# Atlas lathe year>



## SamIAm (Jun 8, 2012)

All, 
Below are 2 pics of my lathe.
The top one is what I purchased. a babbit head lathe. No date stamped on it anywhere. And since its a babbit head model.
I suspect Ill never truly know. 

View attachment 37163

Before

The one on the bottom is a bearing head model and the bearings were stamped 1937.
View attachment 37164

After:

What I did notice was between the two. the power switch mount is more square like on the babbit model and oval shaped on the beating head model. anyone out their have one similar to mine and knows the build date?

I was just curious.
TIA
Sam


----------



## pdentrem (Jun 8, 2012)

There is a small and I mean small chart on the craftsman/atlas users group under yahoo. It is nowhere good enough to date users lathes. The problem really is that the original buyers are usually long gone and that info left with them. Some of the catalogues that one can find under google books can help if you can find the right years. Look under sears catalogues. Some of the tool and hardware catalogue were part of the main book in the early years. In the 40s I believe they were in their own publication.


----------



## VSAncona (Jun 14, 2012)

The oval-shaped switch plate is earlier/older.

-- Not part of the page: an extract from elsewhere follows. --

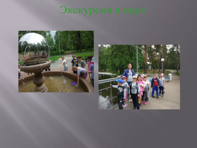 Мы группой ходили на экскурсию в парк, где наблюдали за растительностью и фантаном;

I don't know the exact year of the switch to the rectangular plate, but the oval switch only shows up in the catalogs from the late 30's. In the later catalogs, it's a rectangular switch.

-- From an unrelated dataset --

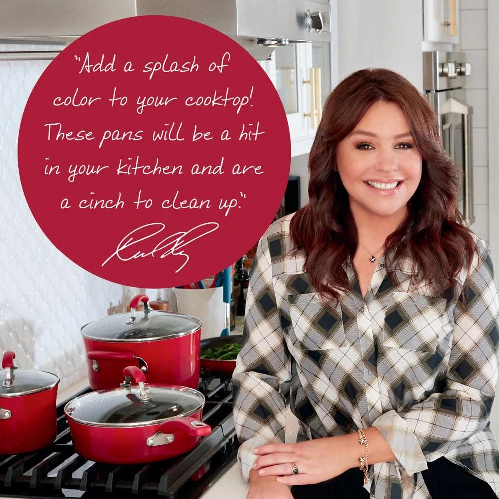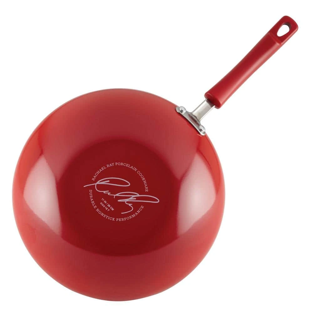 - DURABLE RACHAEL RAY WOK: Stir fry pan features sturdy aluminum construction for fast and even heating with a durable hard enamel exterior finish

I believe the babbit-headstock lathes were discontinued in 1947, when Atlas consolidated the 10" lathe line to just two models (TH and QC) in only two bed lengths (42" and 54").


----------



## SamIAm (Jun 14, 2012)

VSAncona said:


> The oval-shaped switch plate is earlier/older.
> 
> I don't know the exact year of the switch to the rectangular plate, but the oval switch only shows up in the catalogs from the late 30's. In the later catalogs, it's a rectangular switch.
> 
> I believe the babbit-headstock lathes were discontinued in 1947, when Atlas consolidated the 10" lathe line to just two models (TH and QC) in only two bed lengths (42" and 54").




Excellent thanks for the tip Ill see if I can find some old catalogs. I didn't realize they made Timken bearing headstock as early as the 30's.
I would like to see one of the plates so I can replicate it.
Sam


----------



## pdentrem (Jun 17, 2012)

Here is a way to look through the old magazines. For example 1950 January Pg 259 has ad for Atlas Press and in the front of same edition there is an ad for the Craftsman 6" which NOT Atlas produced.
Pierre

http://books.google.ca/books?id=vtgDAAAAMBAJ&source=gbs_all_issues_r&cad=1


----------